Guide to support events in the Library, College and the wider environment.
About Fake News
Fake News can be stories which are sensationalised, biased or untrue.
The increase in news consumption via mobile devices has seen the amount of Fake News increase, but it is nothing new and examples can be found throughout history.
Fake News can be categorised as Fabrication, Disinformation, Misinformation, and Propaganda.
Recent examples of Fake News
Recent examples of Fake News include stories denying the invasion of Ukraine, vaccinations being used to implant a microchip, or undermining the seriousness of global warming.

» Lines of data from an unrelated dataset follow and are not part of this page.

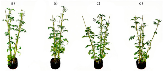Plants of both cultivars at the end of experiment. (a) Well-watered KIS Krka, (b) water-deficient KIS Krka, (c) well-watered KIS Savinja, and (d) water-deficient KIS Savinja. Plants from neither cultivar showed exceedingly expressed symptoms of drought stress.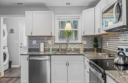 Need to freshen up after a day of adventure? A modern stackable washer and dryer are conveniently located just off the kitchen for your use.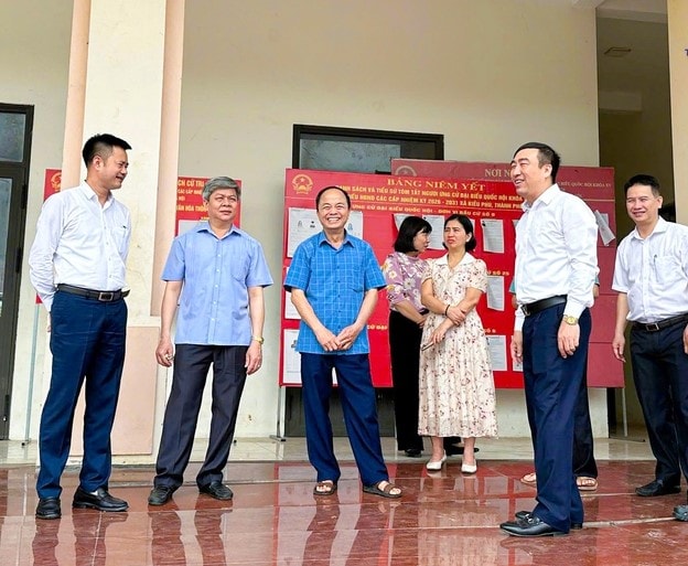 Đoàn công tác xã Kiều Phú kiểm tra công tác bầu cử tại thôn Ngọc Bài. Ảnh: Nguyễn Tuân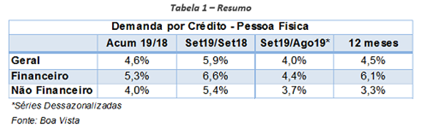 A Demanda por Crédito do Consumidor avançou 4% em setembro na comparação com agosto, já descontadas as influências sazonais, de acordo com dados nacionais da Boa Vista.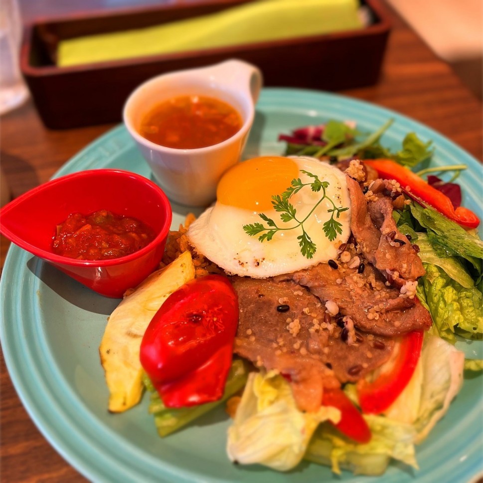マイ辛には至りませんでしたが、ケイジャンピラフが思っていたよりスパイシーで、甘辛照り焼きやサルサソースと相まって、夏のテラス席でキンキンに冷えたビール🍺と合うだろな〜という美味しさです。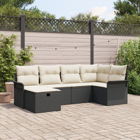Teljes vidaXL 6 darabos Kerti Kanapé Szett Párnázott Fekete Poli Rattan termékleírás

In all cases you can find more reliable sources to challenge these stories.
Use Fact Checking Sites
History of Fake News
Fake News is not a new thing, it has been around as long as there has been printing and mass media.
Some famous examples include:
Great Moon Hoax
In 1835 newspaper the New York Sun claimed that life on the Moon had been discovered.

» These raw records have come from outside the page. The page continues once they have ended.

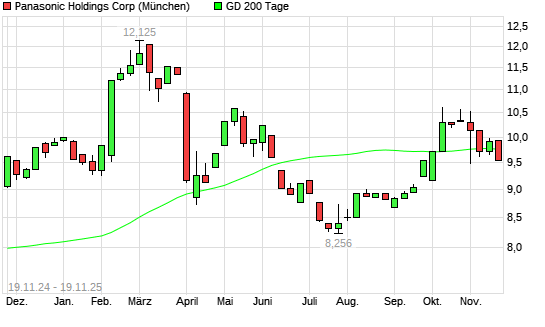 Mit dem Rücksetzer auf 9,55 EUR hat die Panasonic-Aktie am 18.11.2025 die 200-Tage-Linie nach unten gekreuzt.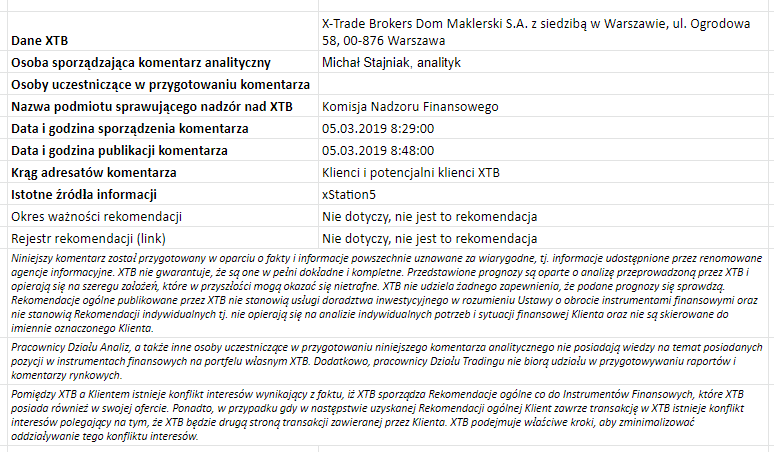 Ta publikacja handlowa jest informacyjna i edukacyjna. Nie jest rekomendacją inwestycyjną ani informacją rekomendującą lub sugerującą strategię inwestycyjną. W materiale nie sugerujemy żadnej strategii inwestycyjnej ani nie świadczymy usługi doradztwa inwestycyjnego. Materiał nie uwzględnia indywidualnej sytuacji finansowej, potrzeb i celów inwestycyjnych klienta. Nie jest też ofertą sprzedaży ani subskrypcji. Nie jest zaproszeniem do nabycia, reklamą ani promocją jakichkolwiek instrumentów finansowych. Publikację handlową przygotowaliśmy starannie i obiektywnie. Przedstawiamy stan faktyczny znany autorom w chwili tworzenia dokumentu. Nie umieszczamy w nim żadnych elementów oceniających. Informacje i badania oparte na historycznych danych lub wynikach oraz prognozy nie stanowią pewnego wskaźnika na przyszłość. Nie odpowiadamy za Twoje działania lub zaniechania, zwłaszcza za to, że zdecydujesz się nabyć lub zbyć instrumenty finansowe na podstawie informacji z tej publikacji handlowej. Nie odpowiadamy też za szkody, które mogą wynikać z bezpośredniego czy też pośredniego wykorzystania tych informacji. Inwestowanie jest ryzykowne. Inwestuj odpowiedzialnie.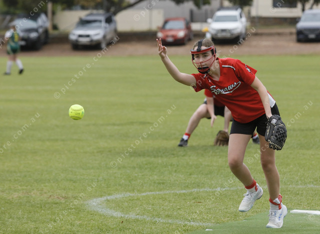 Kailey Miller pitches for Squaws’ in the under 16 softball. (513896_12)
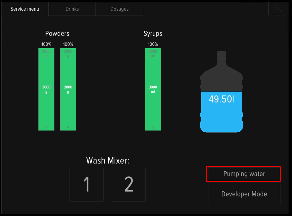 - The water level when rinsing the mixer / pumping water is not less than the optimal level (picture below):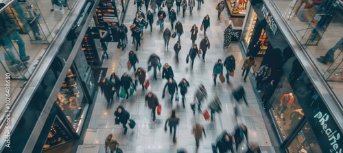 Dynamic Overhead View of a Vibrant Shopping Mall During Black Friday Sales Blitz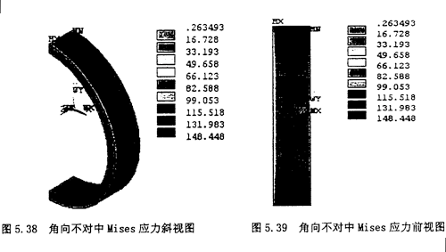 2.顯示節(jié)點(diǎn)的Von Mises應(yīng)力云圖:選擇Main Menu>General Postproc>Plot Result>NodalSolu,在彈出的對(duì)話框內(nèi)選擇“Stress”,第二欄內(nèi)選擇“Von Mises Stress”,則其顯示的云圖如圖5,38,5.39所示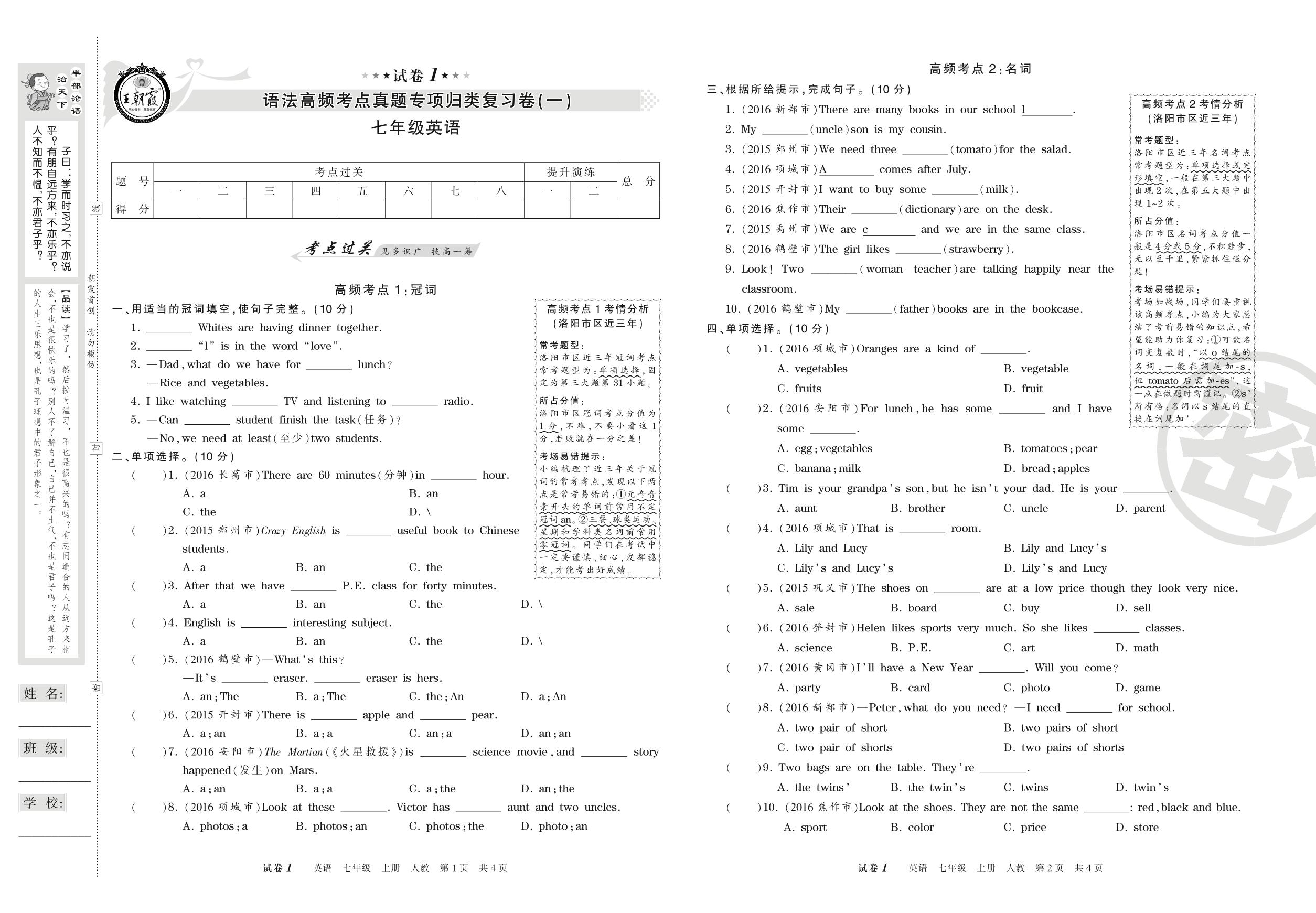 王朝霞期末专项卷七年级上册英语(人教版)_R210807213000【1】

These discoveries were falsely attributed to a well known astronomer of the time, Sir John Herschel.
After successfully aquiring new subscribers to their newspaper, the paper then admitted that the story had been a hoax.
The Cottingley Fairies
In 1917 Elsie Wright and Frances Griffiths claimed to have photographed fairies in Cottingley, near Bradford.
Sir Arthur Conan Doyle, creator of Sherlock Holmes. used them in an article he had written for The Strand Magazine.

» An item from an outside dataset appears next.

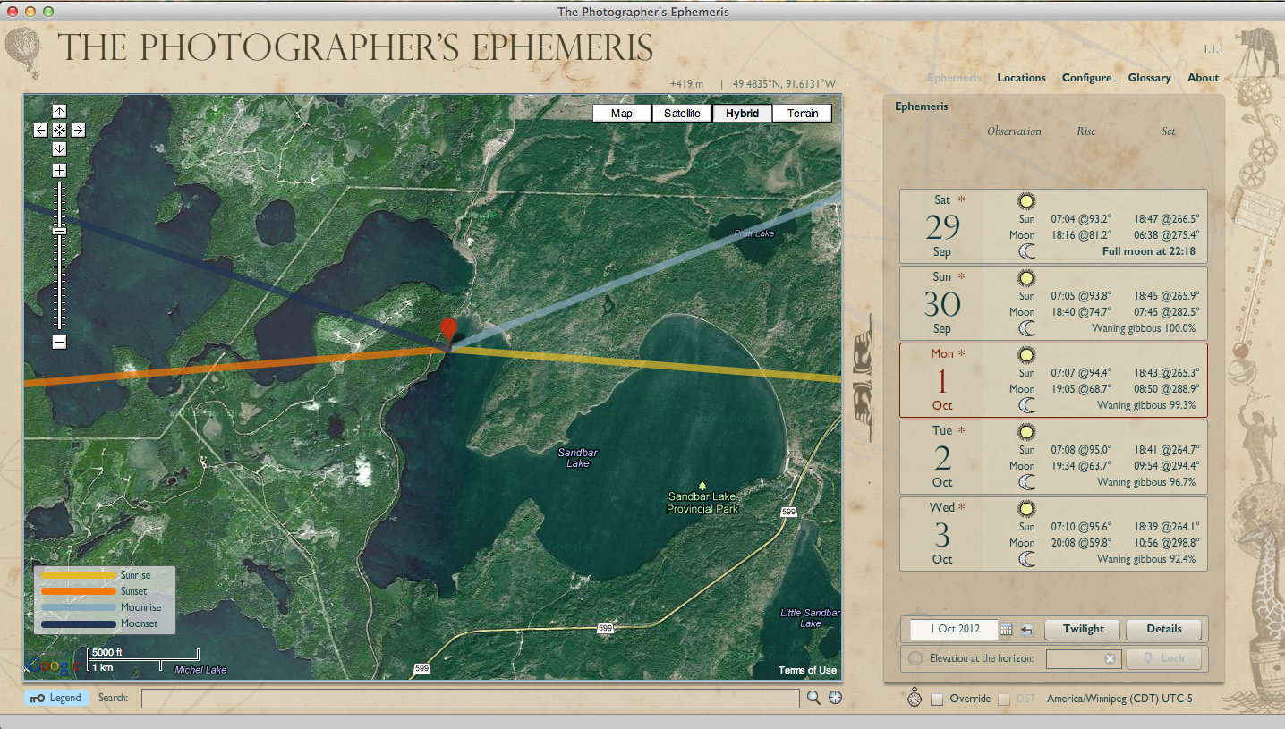 The best light for moon pictures is at dawn or dusk. The darker the sky the brighter the moon will appear and the more blown out in a picture. Sunrise and sunset data is readily available on weather site. Moon rise and set is a little harder to find. Where it will rise relative to where you are is even more difficult to determine. I’ve found an amazing application (free for desktop and $8.99 for smart phones) called The Photographer’s Ephermeris. This app allows you to pinpoint your location anywhere in the world for any day and it will give you the angle and time of both sun and moon rise and set. Here’s the screen shot from my desktop yesterday when I pinned the west shore of Sandbar Lake not far from my home.  I was hoping there would be an attractive foreground and not too distant lake shore for my shot.

It was not until the 1980s that the cousins admited they had faked them by cutting pictures out of books and using pins to attach them to trees.
The Hitler Diaries
In 1983 German magazine Stern and the Sunday Times payed nearly £4 million for the diaries of Adolf Hitler and had them verified by a history professor.
Academics authorising the documents had been misled by Stern journalists who had not been totally honest about the extent of chemical testing which had been done on the documents.
Subsequently, following rigorous forensic analysis which had not been performed previously, they were revealed to be fakes.
When Greeks Flew Kites
Listen to this BBC programe programme from 2019 in which Sarah Dunant explores the history of fake history.
Terms to be aware of
Mainly made up sensational information which is presented as being authentic information.
This could be the spreading of information about current events which are designed to worry or scare people.
Information, often biased, exaggerated or false, that is shared to mislead often using a polarised point of view.
This could be used to gain support by presenting misinformation about a subject to confuse people and win over their support.
False information that could deceive those reading it which has been shared with the deliberate intent in doing so.
This is when someone uses misleading stories, information or images on purpose, fully aware that the information is false or has been maliciously manipulated.
False information that could deceive those reading it which has been shared unintentionally.
This is generally rumour and gossip, someone sharing unverified stories, information or images without understanding that they are eityher misleading or untrue.
A hoax is the intentional use of misinformation with the express intention of deceiving people.
This could be telling someone a lie with the intent of getting them to act in a certain way.
Deep fakes
These are videos which have been manipulated to make it look like someone is doing or saying something they have not.
This could be the creation of a video featuring a person saying something which would contrardict what you would expect them to in order to discredit them.